In this post, I'll look at some uses of one of the most fundamental functions in the module, called random(), like the module. In a following post or two, I'll look at other functions, and also other uses in different areas, including some less obvious ones.

First print its docstring:
>>>print random.random.__doc__
random() -> x in the interval [0, 1).
It returns a random float value in the half-closed interval [0, 1), which means, any x, such that 0.0 <= x < 1.0.

Here is a program, fn_random.py, that shows some uses of the random() function:
from __future__ import print_function

# fn_random.py
# A program showing various uses of the "random" function 
# from the "random" module of Python's standard library.
# Author: Vasudev Ram - https://vasudevram.github.io
# Copyright 2016 Vasudev Ram

from random import random
from random import getstate, setstate

print("Ex. 1. Plain calls to random():")
print("Gives 10 random float values in the interval [0, 1).")
for i in range(10):
    print(random())

print()

print("Ex. 2. Calls to random() scaled by 10:")
print("Gives 10 random float values in the interval [0, 10).")
for i in range(10):
    print(10.0 * random())

print()

print("Ex. 3. Calls to random() scaled by 10 and offset by -5:")
print("Gives 10 random float values in the interval [-5, 5).")
for i in range(10):
    print(10.0 * random() - 5.0)

print()

print("Ex. 4. Calls to random() scaled by 20 and offset by 40:")
print("Gives 10 random float values in the interval [40, 60).")
for i in range(10):
    print(20.0 * random() + 40.0)
Here is the program's output when run with:
python fn_random.py
Ex. 1. Plain calls to random():
Gives 10 random float values in the interval [0, 1).
0.978618769308
0.429672807728
0.807873374428
0.00775248310523
0.367435959496
0.452718276649
0.15952248582
0.183989787263
0.240112681717
0.873556193781

Ex. 2. Calls to random() scaled by 10:
Gives 10 random float values in the interval [0, 10).
8.66851830984
8.06203422551
6.68791916223
6.83023335837
2.28298961244
5.06491614858
9.27404238781
2.30473573581
7.62983863372
7.18179372151

Ex. 3. Calls to random() scaled by 10 and offset by -5:
Gives 10 random float values in the interval [-5, 5).
4.28960887925
-1.48913007202
-0.534170376124
3.36741617894
-3.50802287142
1.46218930484
-3.37237288568
-2.49675571636
-3.56593768859
-1.49924682779

Ex. 4. Calls to random() scaled by 20 and offset by 40:
Gives 10 random float values in the interval [40, 60).
56.4292882009
40.888150119
56.867782498
58.3162130934
41.642982556
40.8419833357
52.3684662857
45.3000297458
43.1515262997
52.1129658036
It shows how to scale and offset the values you get from random(), to transform them from the range of 0 to 1, to other ranges.

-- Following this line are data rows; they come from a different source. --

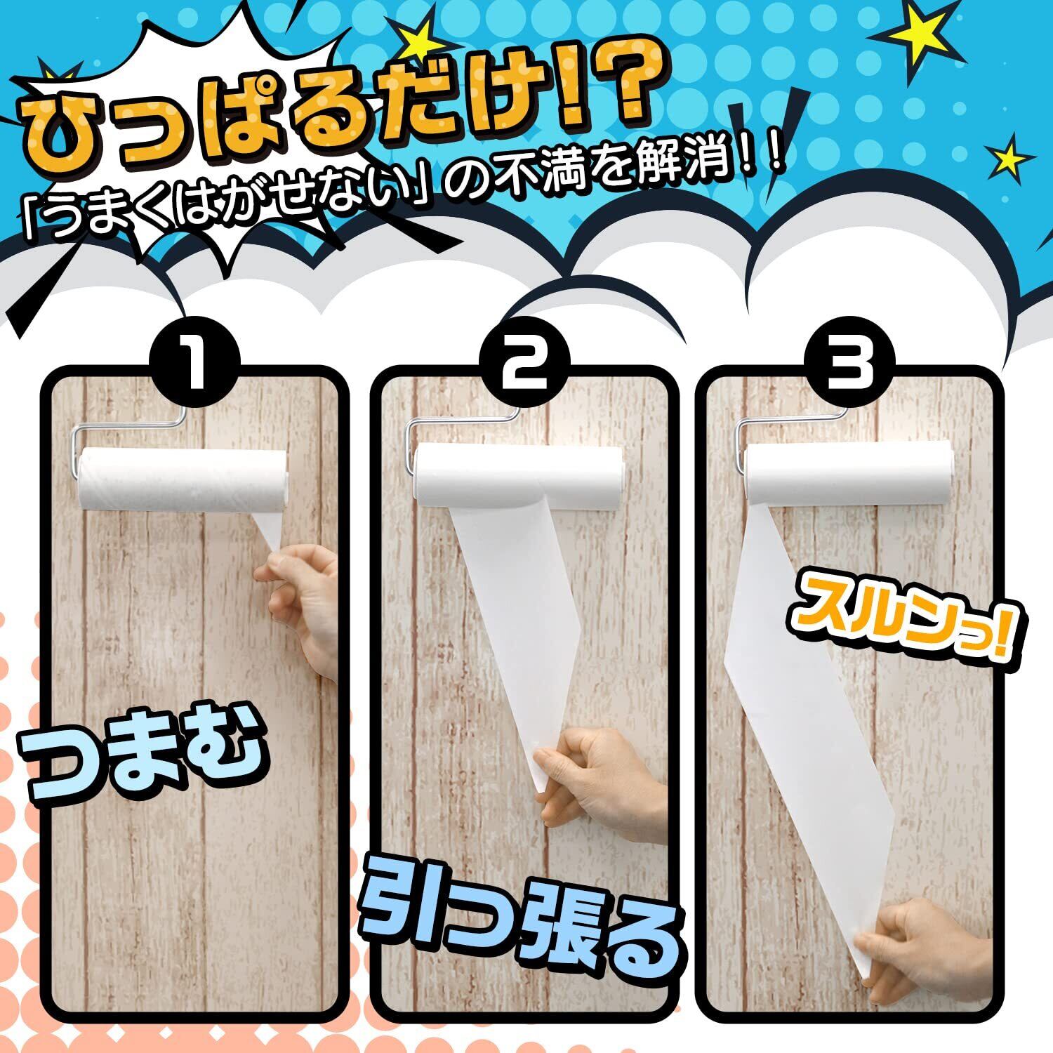 ●引っ張るだけで1周分がきれいにはがせます。(1枚はがすと1周分です)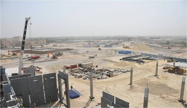 وأكد الصفيان بأن وتيرة العمل في المشروع متسارعة، بالإضافة الى مضاعفة الجهد بالعمل لزيادة معدل الإنجاز عن طريق زيادة كافة الموارد والعمل على مدار الساعة وزيادة عدد الموردين لتسريع الإنتاج وتركيب عناصر الخرسانة سابقة الصب من أجل إنجاز المشروع.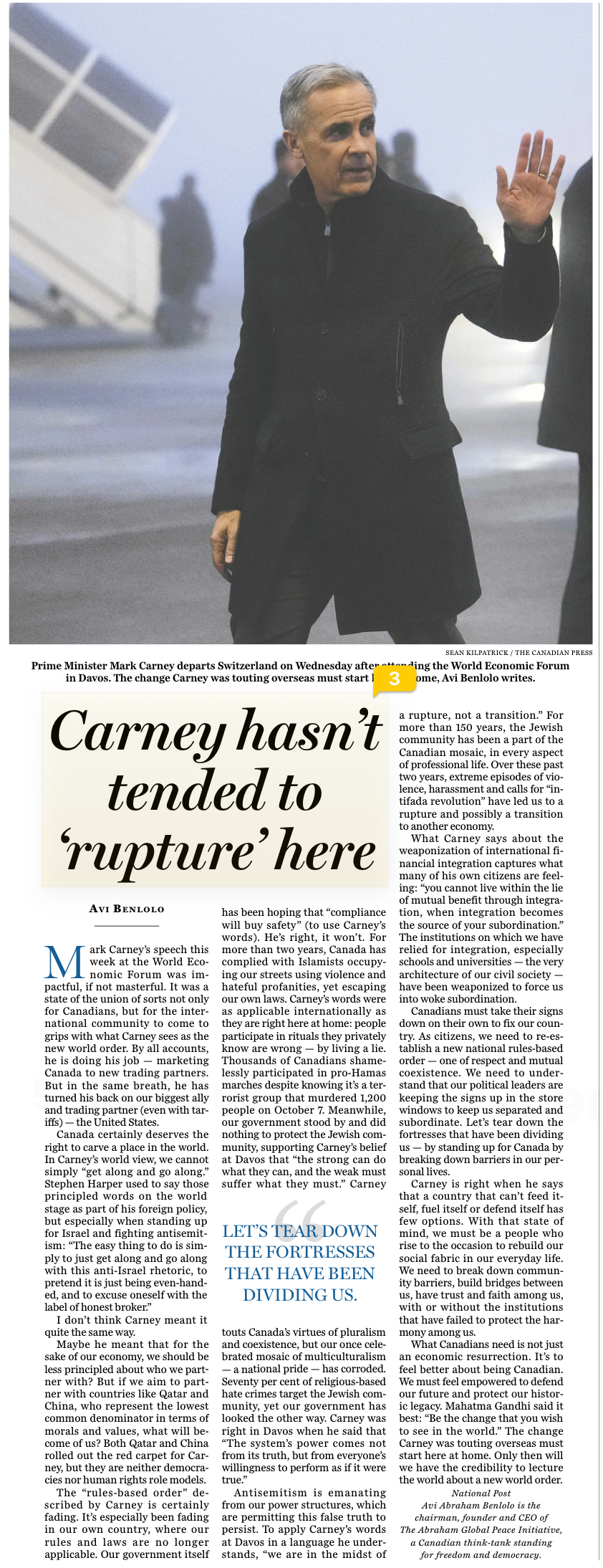 In today's National Post, we wrote: "What Canadians need is not just an economic resurrection. It’s to feel better about being Canadian. We must feel empowered to defend our future and protect our historic legacy. Mahatma Gandhi said it best: "Be the change that you wish to see in the world." The change Carney was touting overseas must start here at home. Only then will we have the credibility to lecture the world about a new world order. Carney touts Canada’s virtues of pluralism and co-existence, but our once celebrated mosaic of multiculturalism — a national pride — has corroded. Seventy per cent of religious-based hate crimes target the Jewish community, yet our government has looked the other way. Carney was right in Davos when he said that “The system’s power comes not from its truth, but from everyone’s willingness to perform as if it were true.” Antisemitism is emanating from our power structures that are permitting this false truth to persist. To apply Carney’s words at Davos in a language he understands, “we are in the midst of a rupture, not a transition.” For more than 150 years, the Jewish community has been a part of the Canadian mosaic, in every aspect of professional life. Over these last two years, extreme episodes of violence, harassment and calls for “intifada revolution” have led us to a rupture and possibly a transition to another economy". Click HERE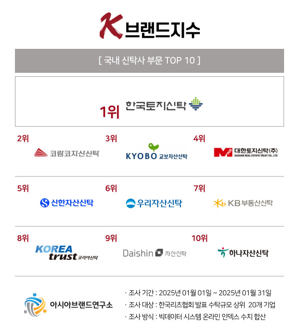 한정근 아시아브랜드연구소 대표는 “지난달 조사와 달리 신탁사 순위도 급변하는 상황에서 한국토지신탁이 또 다시 K-브랜드지수 신탁사 부문 1위를 수성했다”며 “반면 한국자산신탁이 톱10에서 탈락한 점은 눈여겨볼 필요가 있다”라고 말했다.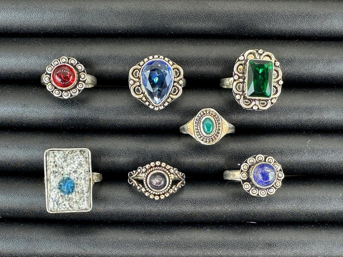1. Assorted 925 Sterling Silver Plated Handmade Gemstone Rings for Women - Sizes 4 to 10_x000D_

Notice that the values of the random numbers in the four sets of output are all different, even if you take the scaling into account. For example, the numbers in the second set of output are not the same as the numbers in the first set multiplied by 10, even though that is what we do in code for the second set. The reason for this is that the random numbers generated, cycle through a very long sequence, and so the first 10 numbers are output in set 1, the second 10 in set 2, and so on.

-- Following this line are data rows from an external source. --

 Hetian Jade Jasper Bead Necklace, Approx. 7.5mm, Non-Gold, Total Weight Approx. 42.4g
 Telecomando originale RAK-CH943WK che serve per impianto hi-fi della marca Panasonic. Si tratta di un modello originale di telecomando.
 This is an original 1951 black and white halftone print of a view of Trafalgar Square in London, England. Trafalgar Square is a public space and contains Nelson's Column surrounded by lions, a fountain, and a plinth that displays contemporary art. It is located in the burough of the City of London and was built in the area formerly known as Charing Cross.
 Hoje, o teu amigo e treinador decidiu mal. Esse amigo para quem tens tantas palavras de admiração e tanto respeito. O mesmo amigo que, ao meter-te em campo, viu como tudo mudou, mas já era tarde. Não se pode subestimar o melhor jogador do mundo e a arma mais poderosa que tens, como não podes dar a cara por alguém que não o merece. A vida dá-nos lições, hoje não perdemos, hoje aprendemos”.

What if we wanted to have the same values of random numbers (except for the differences caused by scaling and offsetting) in all 4 output sets, say for the sake of some sort of consistency or repeatability in some scientific or statistical experiment? One obvious way is to save the first 10 numbers generated in the first snippet (say in a list) and use them in the following 3 snippets.

There is another way to do it, with the getstate() and setstate() functions of the module.

Put this line:
state = random.getstate()
before the snippet (Ex. 1.) that generates the first set of output.

Then put this line:
random.setstate(state)
before each of the following three snippets (Ex. 2 to 4.). That will do it, since now the same 10 random numbers will be generated by each snippet (before taking into account the scaling and offsetting).

In the next post, I'll show some other uses of random numbers, such for doing things with strings.


See also:

Pseudo-random number generator
Hardware random number_generator


The picture below, from Wikipedia, is the title page of a Song dynasty (c. 1100) edition of the I Ching.

I Ching image attribution

print ['Enjoy', 'See you soon', 'Bye for now'][randint(0, 2)] + " :)"

- Vasudev Ram - Online Python training and consulting

Signup to hear about my new courses and products.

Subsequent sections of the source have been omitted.